Yeah, I just said that. I'll say it again. Need threaded rendering?

What if we treat the main thread as just the ui-assembly-thread, nothing more? Want a snappy application with super fast route rendering? Choose the ideal spot, swap out. Fast internet connection? Reach out to the server. Nothing going on on the main thread? Render there. Where exactly could/will this go?

  • if WebWorkers are given the ability to create a DocumentFragment
  • if Ember or React's fastboot servers are embedded within your Cordova application

Imagine the possibilities. You have a complex and demanding interface. Possibly you've used html-gl or react-canvas or a customized webView or similar to improve your rendering (don't worry, better solutions ARE coming). Regardless of final rendering environment, your one thread has a lot to handle. What if it just assembled?
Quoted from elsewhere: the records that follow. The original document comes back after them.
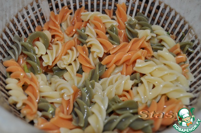 В этой же воде отварить макароны, тоже выложить в дуршлаг, промыть холодной водой.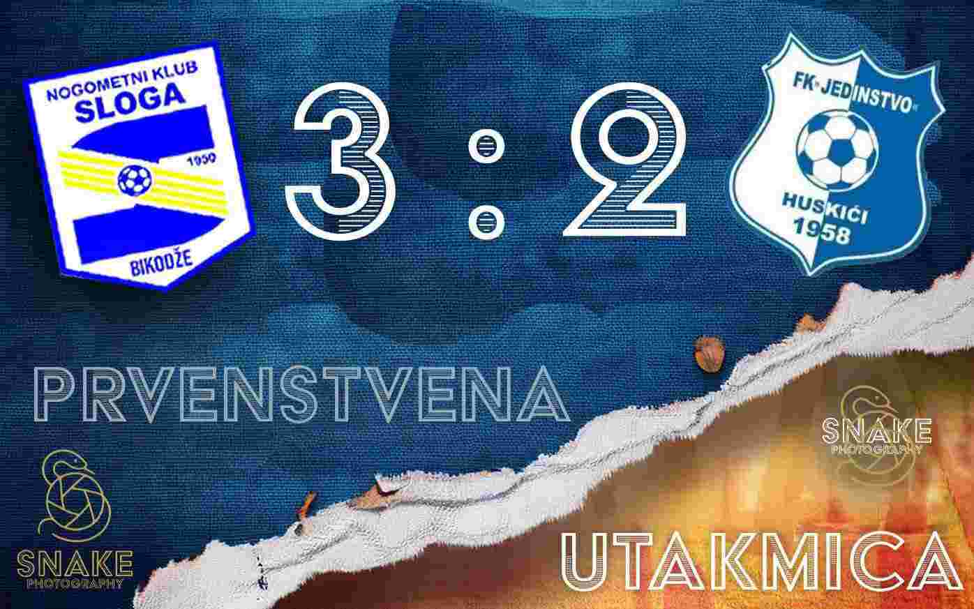 Na terenu u Lugovima odigrana je uzbudljiva utakmica u kojoj je NK “Sloga” Bikodže savladala ekipu FK “Jedinstvo” Huskići rezultatom 3:2. Meč je obilovao borbom, ritmom i prilikama s obje strane, a domaći tim je pokazao karakter i do kraja izborio zasluženu pobjedu.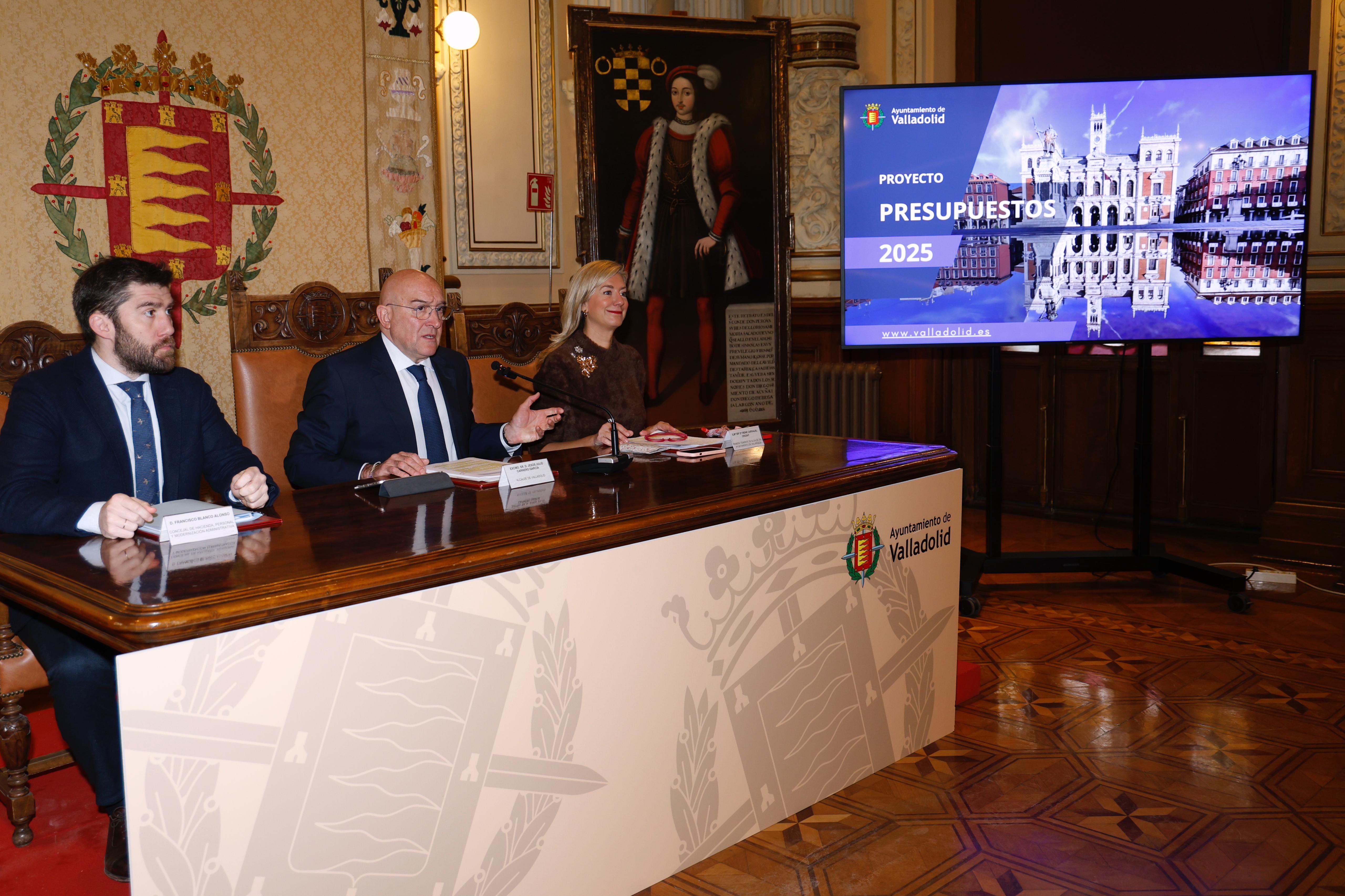 El alcalde, Jesús Julio Carnero, ha presentado hoy el proyecto de presupuestos del Ayuntamiento de Valladolid para el año 2025, que ha sido aprobado esta mañana en la Junta de Gobierno Local, y cuya cuantía asciende, a nivel consolidado, a 444.987.133 euros, lo que supone un 4,46% más respecto al presupuesto inicial consolidado del ejercicio anterior. Eso se traduce en 19.011.877 euros más.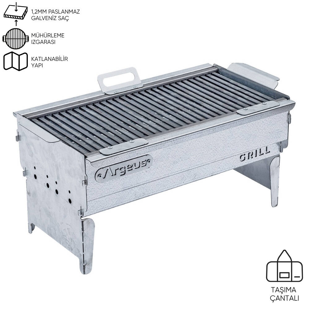 Katlanabilir Ayaklı Mangal - Paslanmaz - Argeus - Taşıma Çantalı - Büyük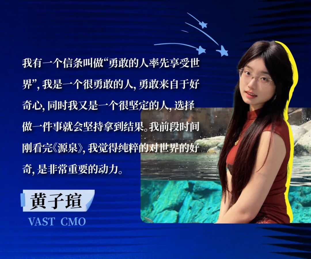 我有一个信条叫做“勇敢的人率先享受世界”,我是一个很勇敢的人,勇敢来自于好奇心,同时我又是一个很坚定的人,选择做一件事就会坚持拿到结果。我前段时间刚看完《源泉》,我觉得纯粹的对世界的好奇,是非常重要的动力。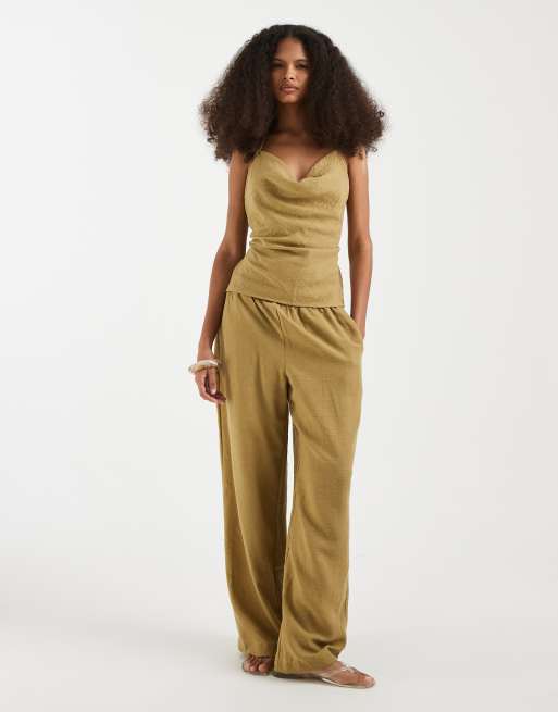 Vero Moda - Pantalon ample à taille haute en tissu aspect lin d'ensemble - Vert saule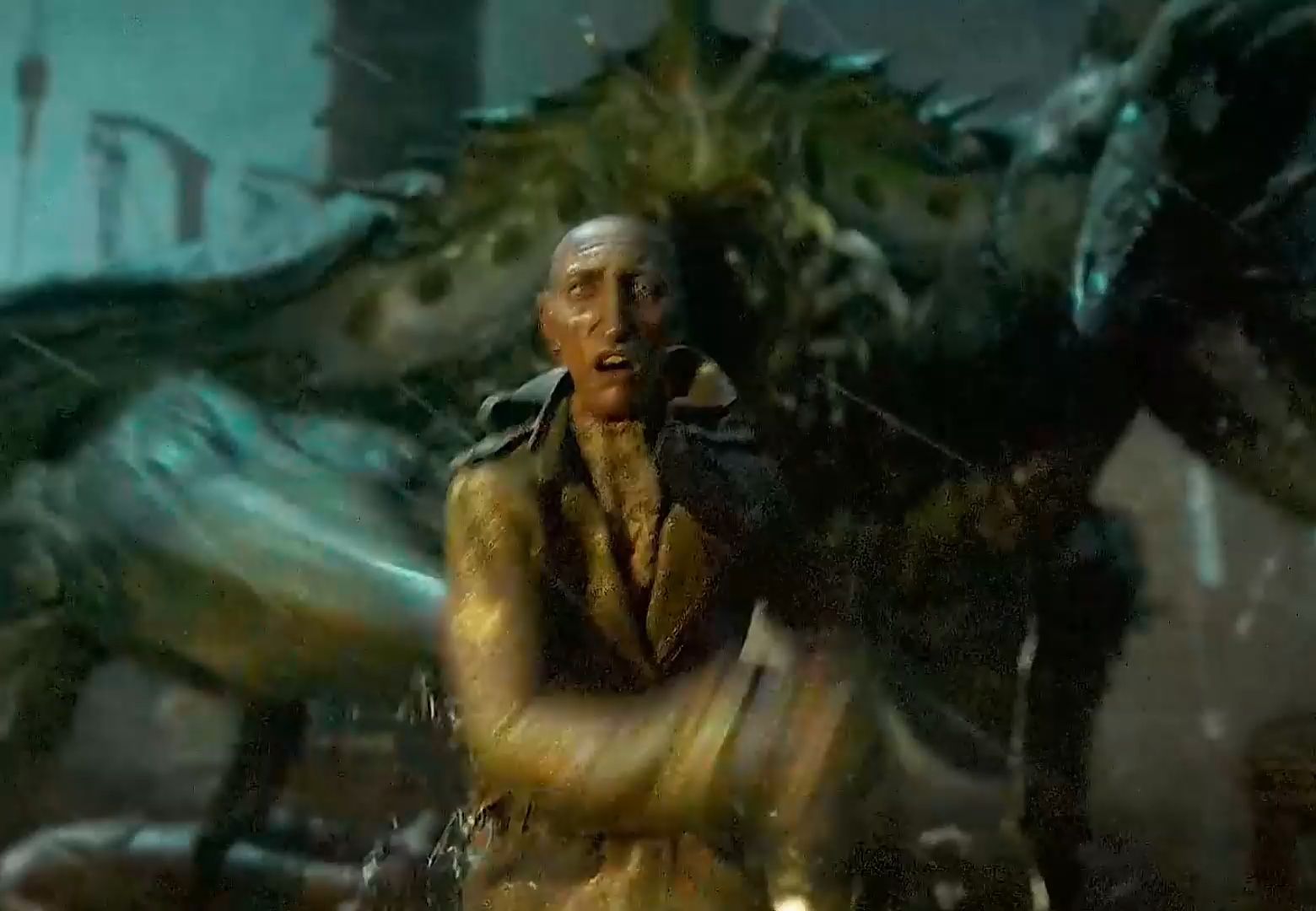 男人惊恐的发现自已的身体与皮肤,正在与路面融为一体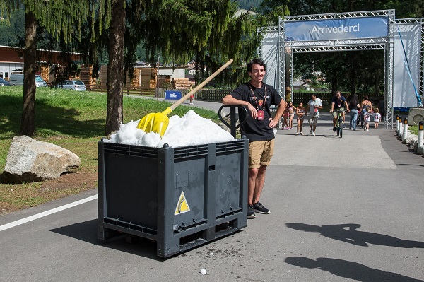 Tutti i giorni, una volta al mattino e una al pomeriggio, infatti, Nicola Scuri, uno dei volontari della squadra di supporto alla gestione e cura dello stadio Pineta, ha il compito di portare negli spogliatoi dell’As Roma un “carretto” di neve prodotta appositamente nel vicino Stadio del Ghiaccio. Si tratta di oltre un metro cubo che, in questa occasione, non serve per preparare una pista da sci, ma per raffreddare le vasche d’acqua utilizzate dai giocatori per rinfrescare i muscoli nel post allenamento.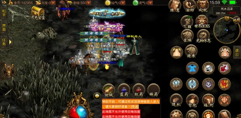 2、参与激战!天元秘境活动,通关击杀天元教主后,收集天元护符与天元结晶,找死水沼泽的神秘老人兑换护盾残片。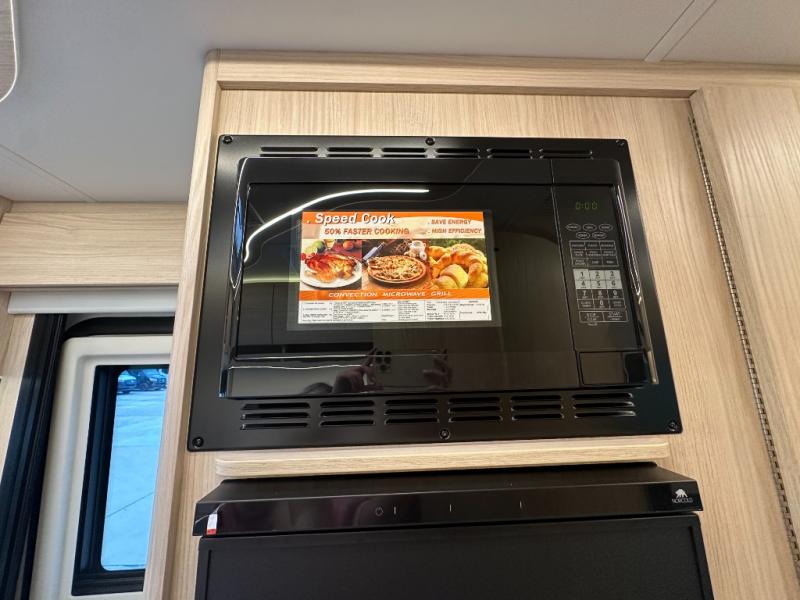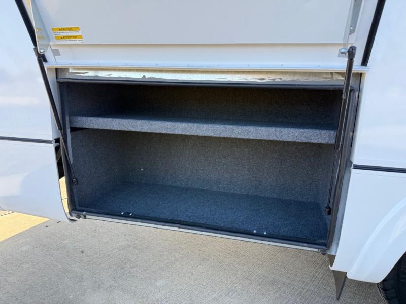You will enjoy the two distinct living spaces with this Unity Class B+ diesel motorhome as you travel to all of your favorite locations. The dinette in front serves for dining and sleeping when converted into the optional front bed with the use of the front swivel captain's chairs for support. This is the perfect spot for when the grandchildren or guests come along. In back, you will find a comfortable lounge area with a 28" TV for inside entertainment plus a Murphy bed which easily converts the space into a bedroom that can be hidden away in the wall once morning arrives. The stainless steel convection microwave and the large pull-out pantry make it easy to create your delicious meals.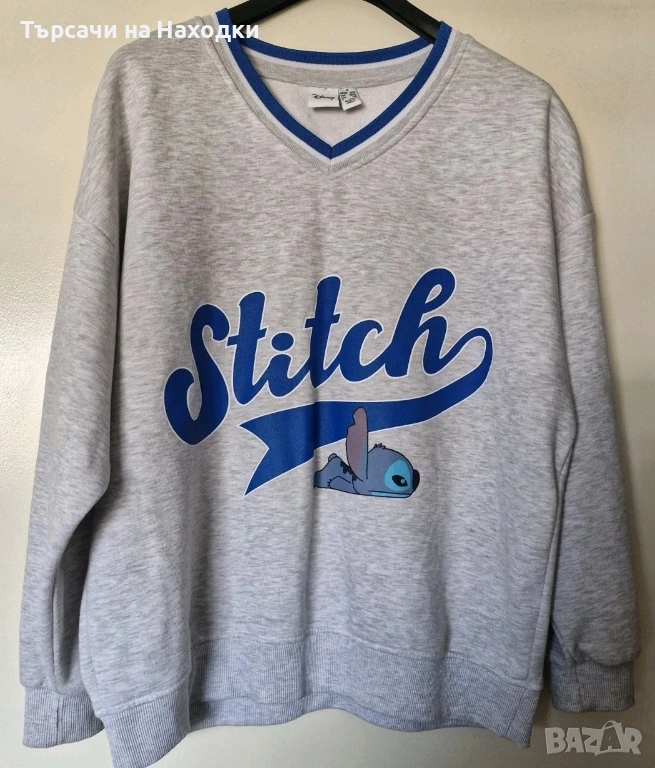 Дамски пуловер с героя Stitch – нов, размер L, сив – Primark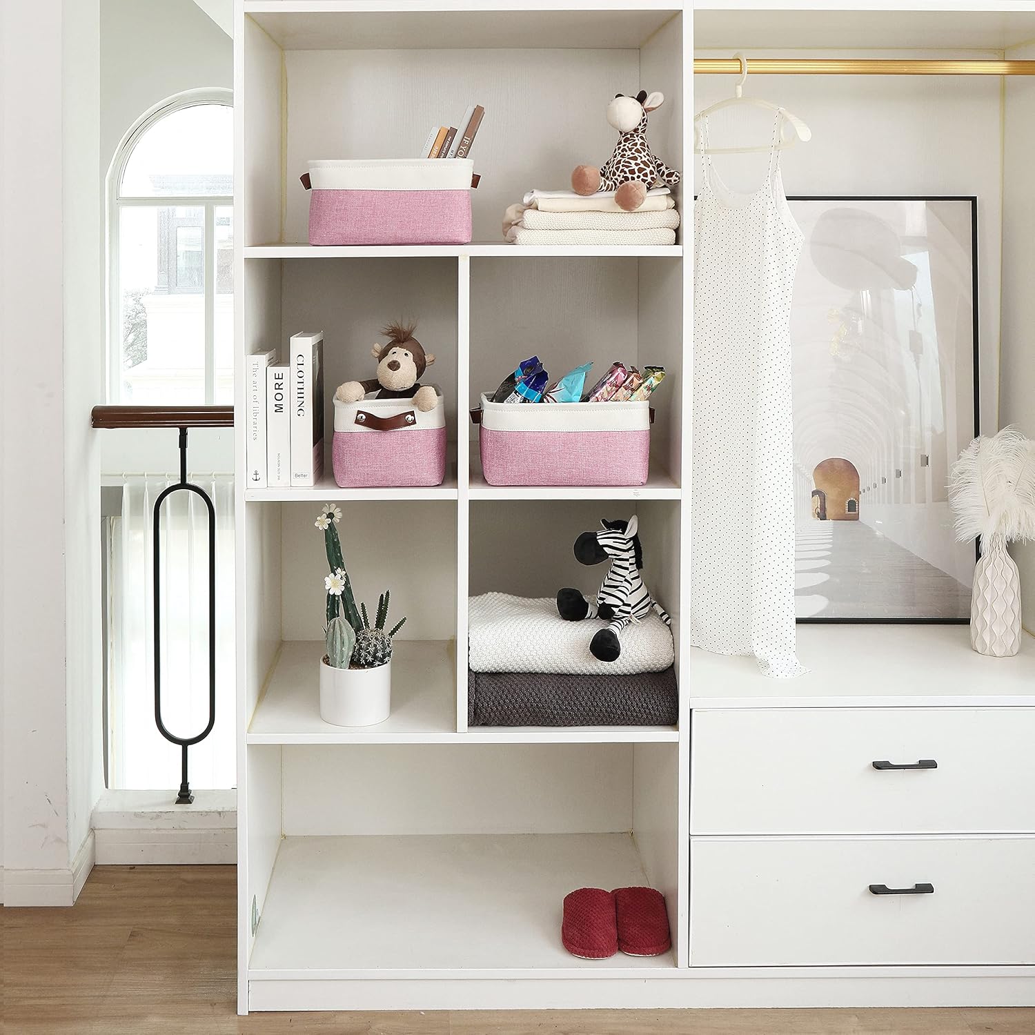OrganiHaus Small Fabric Storage Bins for Shelves 6 Pack, 12x8in Closet Storage Bins for Shelves, Cloth Baskets for Organizing, Linen Closet Organizers, Fabric Basket, Pink/White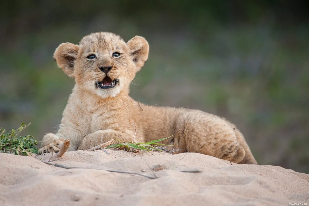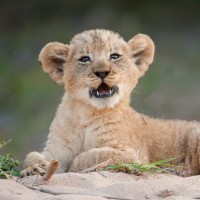 lion cub. The cub appears to be sitting or lying down on what looks like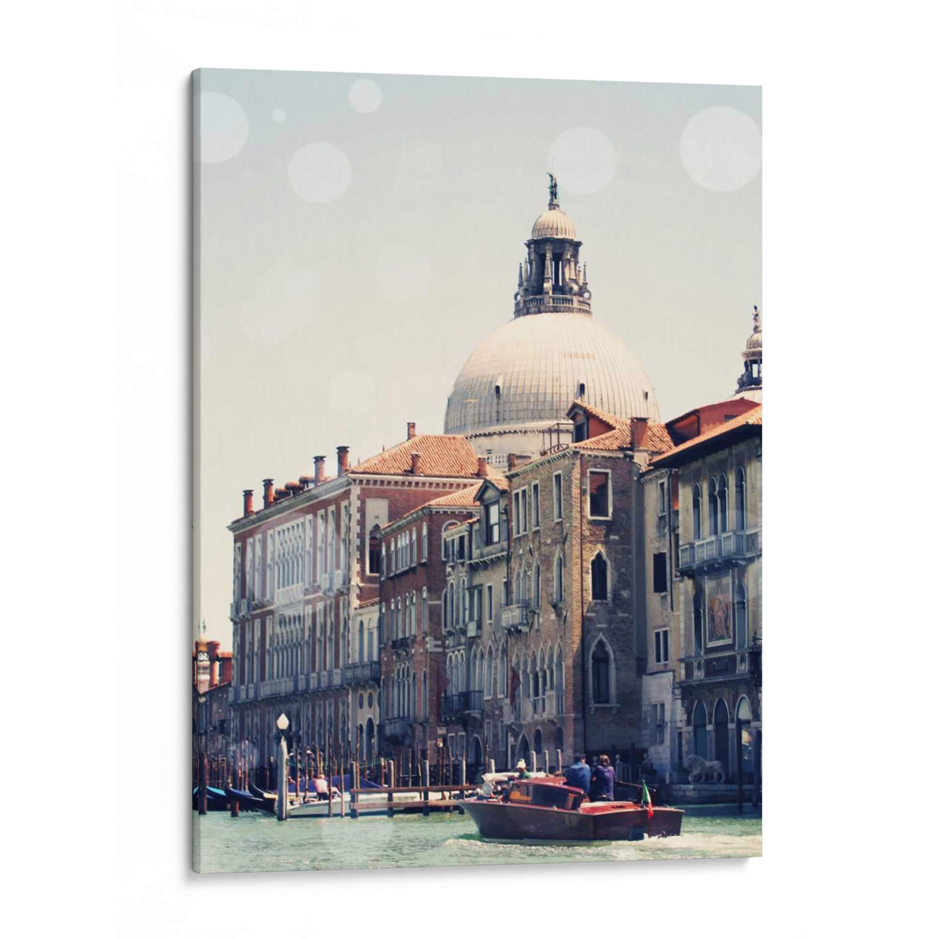 Sumérgete en la encantadora atmósfera de Venecia con "Venecia Bokeh V", una cautivadora obra de arte de Sylvia Coomes. Esta pieza transporta al espectador a las pintorescas calles fluviales de la ciudad italiana, capturando la esencia de un paseo en góndola o en vaporetto. La imagen presenta una vista icónica de edificios venecianos con sus fachadas detalladas y tejados de terracota, coronada por la imponente cúpula de una majestuosa basílica que se alza contra un cielo suave y difuminado. El efecto 'bokeh' en el fondo, con sus círculos de luz etéreos, añade un toque de ensueño y magia, difuminando el fondo para enfocar la atención en la arquitectura y el canal. Los colores predominantes son tonos cálidos y terrosos de los edificios, contrastando suavemente con el verde agua del canal. Una embarcación con figuras navegando añade vida y movimiento a la escena, invitando a la contemplación. "Venecia Bokeh V" es ideal para quienes buscan infundir sus espacios con una sensación de elegancia, historia y romanticismo. Este cuadro decorativo es perfecto para salas de estar, comedores o incluso un estudio, aportando un toque de sofisticación y evocando la serenidad de un día en una de las ciudades más bellas del mundo. Transforma tu hogar en un refugio de inspiración con esta pieza única.

Your route hits a Shared WebWorker which delegates various components on the page to be rendered by other threads, each with then transfers a completed documentFragment to the ui-assembly-thread for DOM insertion. This could end the native vs. HTML5 debate. Native is HTML5 is native.

Javascript is mutating, evolving, and iterating in a much different manner than any other language. And it's doing it organically, based on the involvement, feedback, and usage of hundreds of thousands of developers. Not many languages get that sort of privilege.